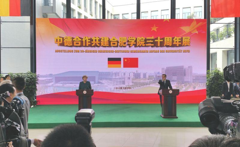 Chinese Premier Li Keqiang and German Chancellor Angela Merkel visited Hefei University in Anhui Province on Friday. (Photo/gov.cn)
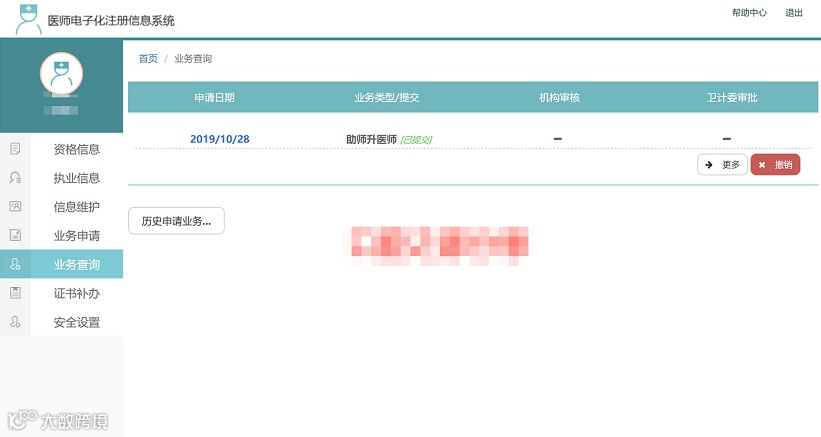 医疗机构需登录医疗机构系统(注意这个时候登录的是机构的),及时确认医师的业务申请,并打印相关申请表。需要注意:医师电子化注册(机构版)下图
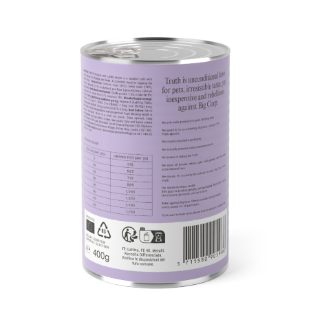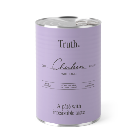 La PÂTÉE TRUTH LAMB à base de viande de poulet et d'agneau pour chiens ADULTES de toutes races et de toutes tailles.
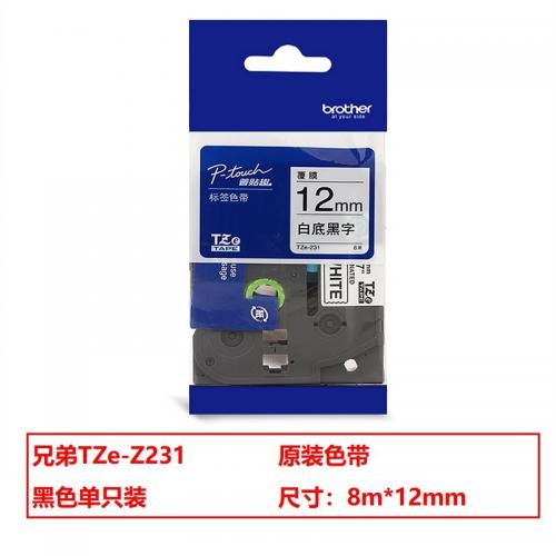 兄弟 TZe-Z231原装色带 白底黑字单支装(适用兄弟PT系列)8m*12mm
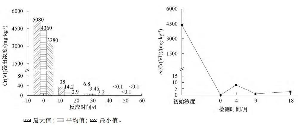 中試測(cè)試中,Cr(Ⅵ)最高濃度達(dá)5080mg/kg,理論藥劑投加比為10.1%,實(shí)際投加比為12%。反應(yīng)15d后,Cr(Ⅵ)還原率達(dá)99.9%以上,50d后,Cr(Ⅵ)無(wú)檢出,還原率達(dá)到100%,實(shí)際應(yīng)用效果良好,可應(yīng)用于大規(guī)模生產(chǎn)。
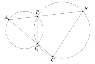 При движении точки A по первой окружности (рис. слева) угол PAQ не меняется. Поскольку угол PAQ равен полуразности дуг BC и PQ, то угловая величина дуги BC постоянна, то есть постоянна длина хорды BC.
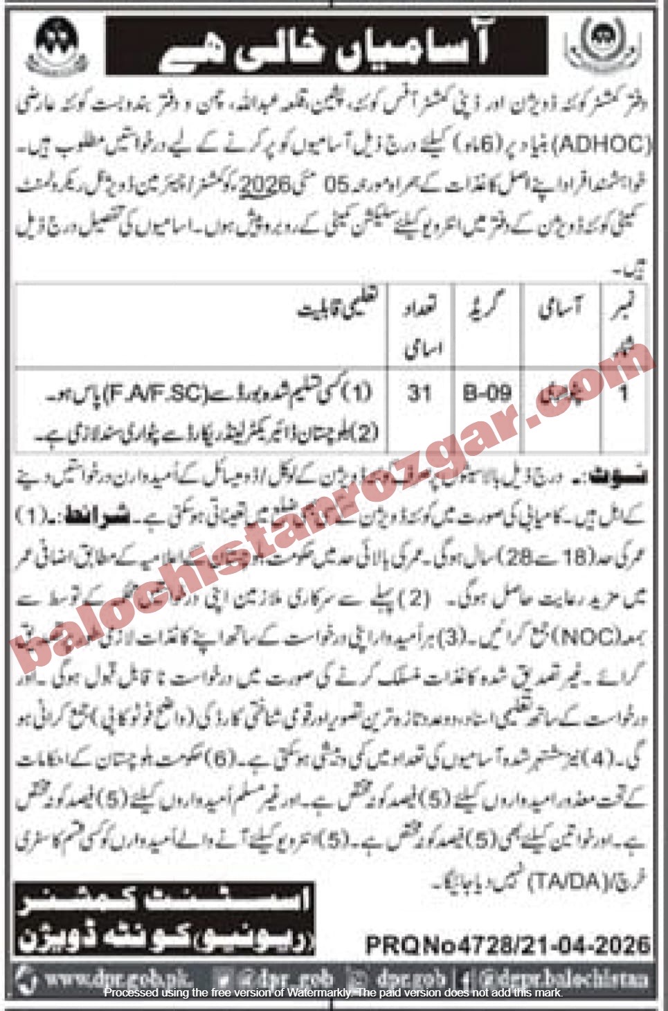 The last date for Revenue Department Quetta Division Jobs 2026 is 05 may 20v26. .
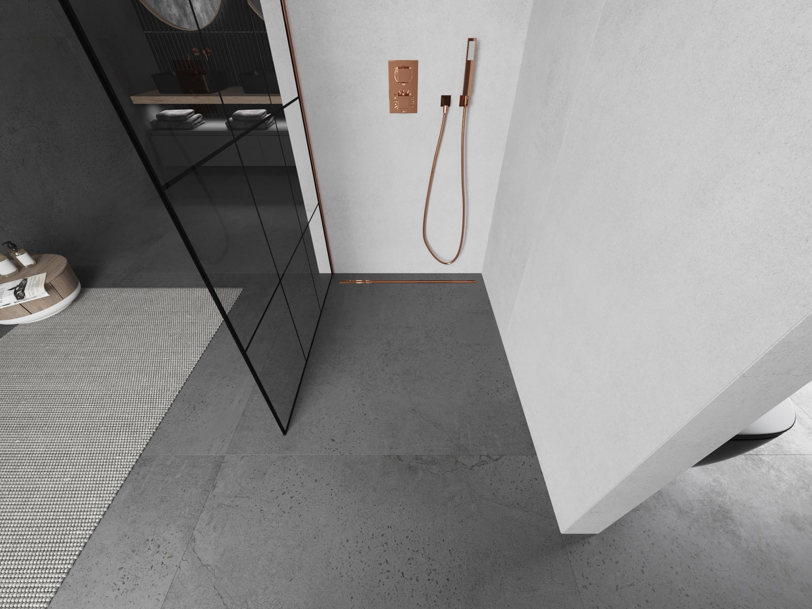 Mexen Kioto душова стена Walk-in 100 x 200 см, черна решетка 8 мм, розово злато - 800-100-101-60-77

---

▸ ACTION ITEM: Restate word for word every line from the one with "La PÂTÉE TRUTH" up to and including the one with "兄弟 TZe-Z231原装色带 白底黑字单支装(适用兄弟PT系列)8m*12mm" in the records above, minus the pictures.

▸ ANSWER SPACE:
 La PÂTÉE TRUTH LAMB à base de viande de poulet et d'agneau pour chiens ADULTES de toutes races et de toutes tailles.
 兄弟 TZe-Z231原装色带 白底黑字单支装(适用兄弟PT系列)8m*12mm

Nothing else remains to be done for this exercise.